On 05.02.2013 16:47, Daniel P. Berrange wrote:
On Tue, Feb 05, 2013 at 04:45:18PM +0100, Michal Privoznik wrote:
> On 05.02.2013 12:32, Christophe Fergeau wrote:
>> Similarly to 790f912b4 which rejects snapshots names containing,
>> this commit changes virDomainSaveXML to reject domains with a '/'
>> in their name. The domain name is used as a filename, so this
>> leads to unexpected results when used in combination with '..'
>> ---
>>
>> If someone is using domains with '/' in their name, this will cause a
>> regression for them as libvirt will no longer be able to re-write the
>> domain XML and will just fail.
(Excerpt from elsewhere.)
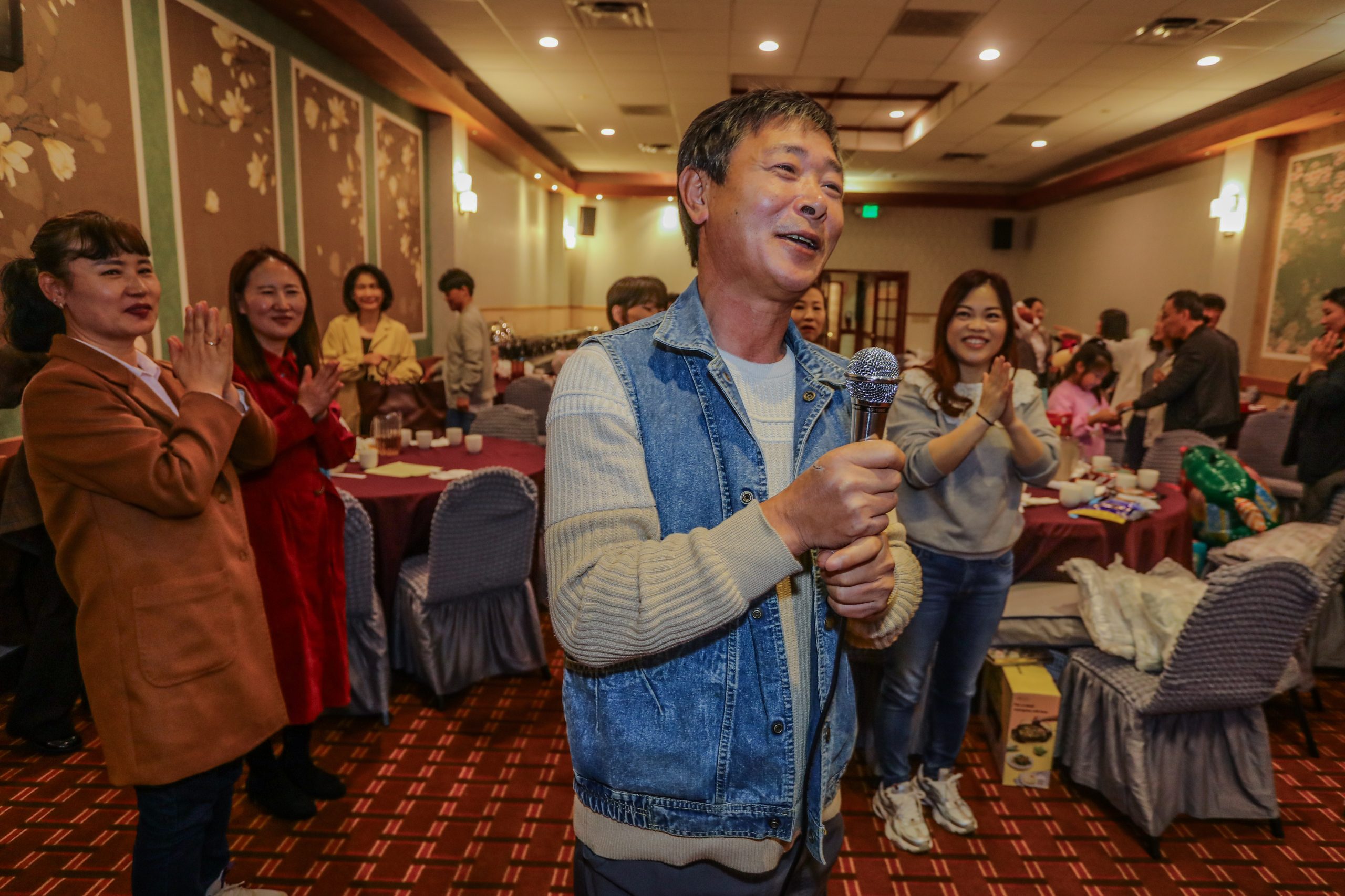 Choi, attending a year-end gathering of North Korean defectors in the U.S. in 2024, holds a microphone and sings. [Sangjin Kim, The Korea Daily]

However, if someone is (ab)using this,
>> the domain must end up in an already existing directory as libvirt will
>> not create it so this is hopefully unconvenient enough that noone is
>> doing that.
>> If we only want to error out on new domain creation, this may be doable
>> by introducing a virDomainSaveXMLFlags, but will be more invasive.
>>
>> Christophe
>>
>
> The more problems with naming XML files I see the more I think we should
> not tie it to domain names. Basically there's no need to save domain
> named XYZ to XYZ.xml. Yes, it's helpful when the names match, however if
> domain name contains forbidden characters (e.g. '/'), we can use UUID
> for instance for the name of XML file. To keep track which domain is
> associated witch which file we can store that kind of information in
> virDomainObj.
I think you understate the benefits here. UUID based filenames are just
absolutely *ing horrific for an admin to see and work work and I am very
glad libvirt does not use such a naming scheme.
Daniel
But we discourage users to touch /etc/libvirt/qemu/*.xml files anyway.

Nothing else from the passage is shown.